Collected data:
___

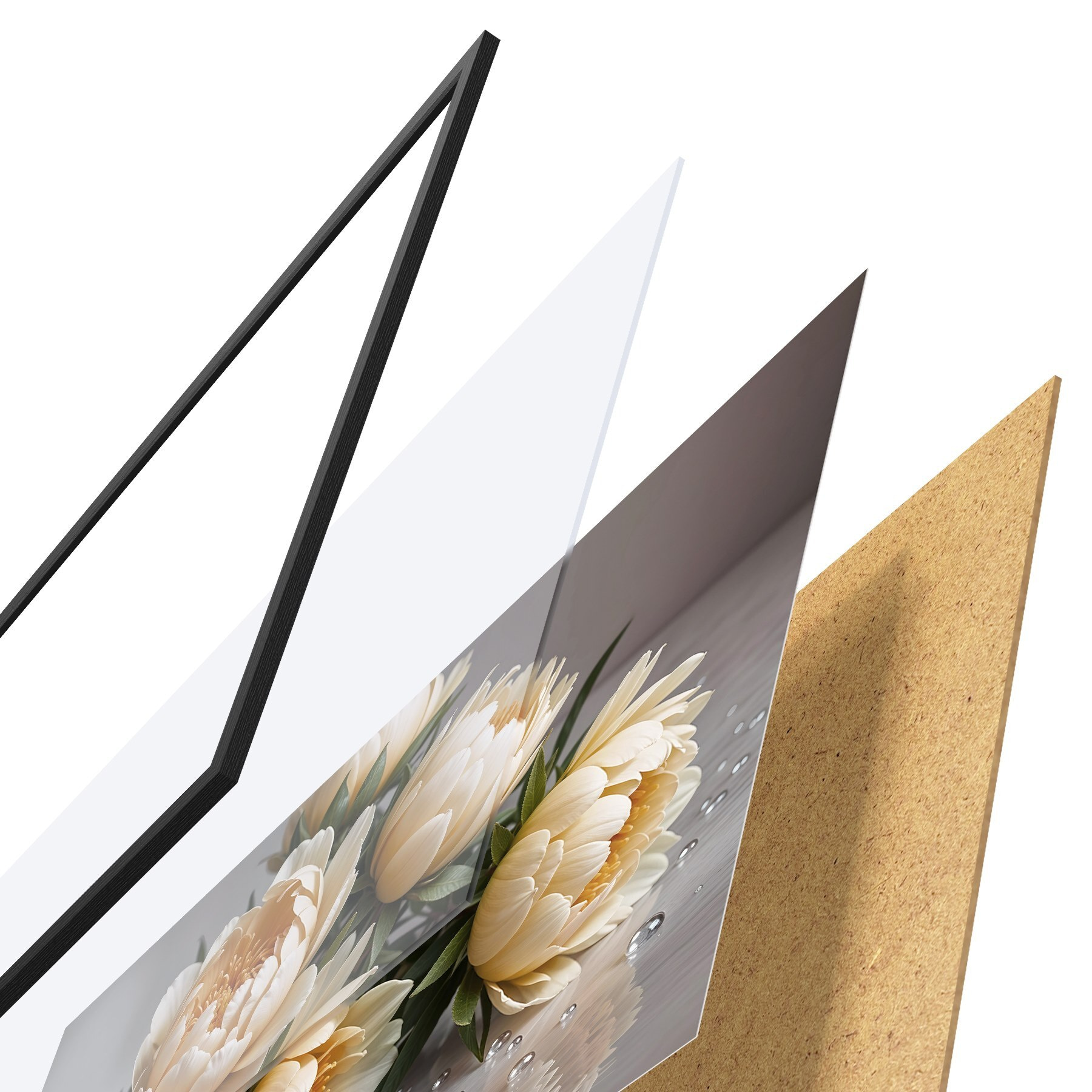 Plakatą sudaro rėmas, pleksiklas, atspausdintas vaizdas ir medžio drožlių plokštės pagrindas. Plakatą galima iš karto pakabinti ant sienos dėl kitoje pusėje esančių laikiklių.
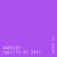 Цвет #AB51EF в цветовой модели RGB обозначается тремя октетами (171, 81, 239) в десятичном формате и #AB51EF в шестнадцатиричном (hex) формате, которые являются интенсивностью красного 171 (hex AB), интенсивность зелёного 81 (hex 51) и интенсивность синего 239 (hex EF).
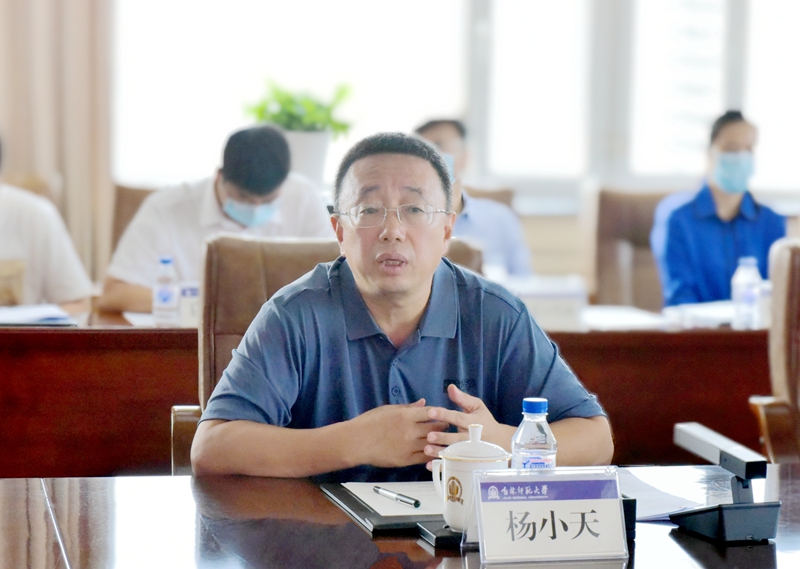 杨小天就学校2021年秋季开学返校和校园疫情防控工作开展情况作汇报。他表示,学校高度重视秋季开学返校和疫情防控工作,始终坚持“稳中求进”工作总基调,牢固树立“底线思维”,做到思想统一、领导有力,响应及时、扎实开展,制定一系列有的放矢、切实有效的制度方案,构建起严谨高效的工作机制,确保科学防控、精准防控、有序防控。他详细介绍了学校贯彻落实省教育厅、省卫生健康委员会文件精神的情况,并结合学校工作实际,重点汇报了校园疫情防控工作、疫情防控组织领导机构建设和责任落实、开学返校工作方案和应急处置预案制定、教职员工和学生管理、教学准备、校园出入管理等情况。
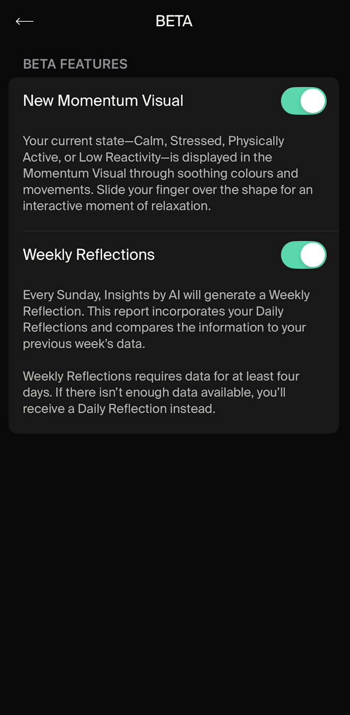 Once your request is approved, you may be required to install a custom firmware update. In the Beta Features submenu, you can enable or disable individual features.

___

What needs to be done: The required output is the span of lines from the line with "杨小天就学校2021年秋季开" through the final line of the listing above, reproduced exactly, minus the pictures.

The answer:
 杨小天就学校2021年秋季开学返校和校园疫情防控工作开展情况作汇报。他表示,学校高度重视秋季开学返校和疫情防控工作,始终坚持“稳中求进”工作总基调,牢固树立“底线思维”,做到思想统一、领导有力,响应及时、扎实开展,制定一系列有的放矢、切实有效的制度方案,构建起严谨高效的工作机制,确保科学防控、精准防控、有序防控。他详细介绍了学校贯彻落实省教育厅、省卫生健康委员会文件精神的情况,并结合学校工作实际,重点汇报了校园疫情防控工作、疫情防控组织领导机构建设和责任落实、开学返校工作方案和应急处置预案制定、教职员工和学生管理、教学准备、校园出入管理等情况。
 Once your request is approved, you may be required to install a custom firmware update. In the Beta Features submenu, you can enable or disable individual features.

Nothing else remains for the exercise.